## To do
The full listing, minus its pictures, should be printed again exactly as it stands.

## Provided material
********

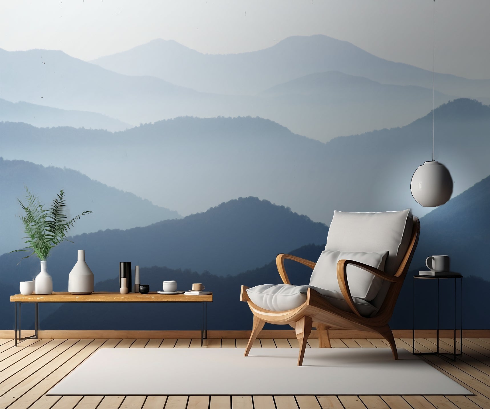 Genom att betrakta "Blue Waves" kan man nästan höra suset från lövträd som rör sig i vinden. Tapetens abstrakta kullar och berg skapar en känsla av dynamik och rörelse. Tack vare de mjuka färgnyanserna blir helhetsintrycket förtrollande och behagligt.
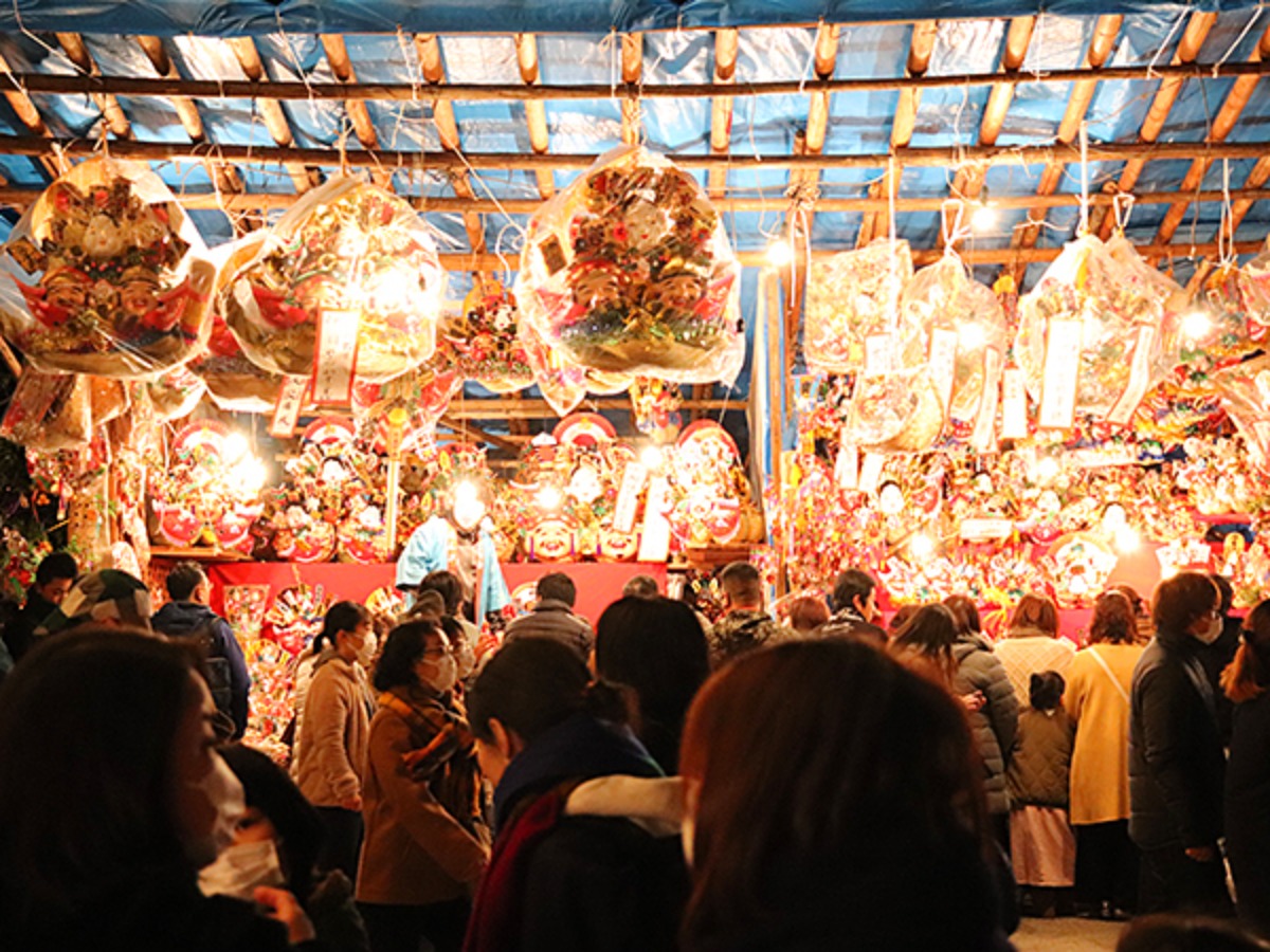 縁起物の種類は「熊手」「ザル」「俵」「宝船」「扇」の5種類。
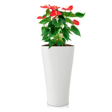 De rode Anthurium staat te schitteren in de moderne en elegante Lechuza Delta sierpot. De Anthurium, die oorspronkelijk voorkomt in Zuid-Amerika, is bekend vanwege zijn prachtige subtropische bloemen. Een Anthurium produceert het hele jaar door zijn schitterende bloemen en is daarmee één van de weinige kamerplanten die het hele jaar door bloeit. Het is zeer eenvoudig een Anthurium te onderhouden, zeker met de Lechuza Delta sierpot. Een geavanceerd watergeefsysteem dat de watertoevoer naar de wortels reguleert, zorgt voor een optimale bewatering van de plant. Hierdoor krijgt de plant altijd de juiste hoeveelheid water. Een handige watermeter geeft aan wanneer het reservoir moet worden bijgevuld. Door de eenvoudige verzorging is de Anthurium één van de weinige bloeiende kamerplanten die zeer geschikt is om kantoren op te fleuren.

********

## Exercise result
 Genom att betrakta "Blue Waves" kan man nästan höra suset från lövträd som rör sig i vinden. Tapetens abstrakta kullar och berg skapar en känsla av dynamik och rörelse. Tack vare de mjuka färgnyanserna blir helhetsintrycket förtrollande och behagligt.
 縁起物の種類は「熊手」「ザル」「俵」「宝船」「扇」の5種類。
 De rode Anthurium staat te schitteren in de moderne en elegante Lechuza Delta sierpot. De Anthurium, die oorspronkelijk voorkomt in Zuid-Amerika, is bekend vanwege zijn prachtige subtropische bloemen. Een Anthurium produceert het hele jaar door zijn schitterende bloemen en is daarmee één van de weinige kamerplanten die het hele jaar door bloeit. Het is zeer eenvoudig een Anthurium te onderhouden, zeker met de Lechuza Delta sierpot. Een geavanceerd watergeefsysteem dat de watertoevoer naar de wortels reguleert, zorgt voor een optimale bewatering van de plant. Hierdoor krijgt de plant altijd de juiste hoeveelheid water. Een handige watermeter geeft aan wanneer het reservoir moet worden bijgevuld. Door de eenvoudige verzorging is de Anthurium één van de weinige bloeiende kamerplanten die zeer geschikt is om kantoren op te fleuren.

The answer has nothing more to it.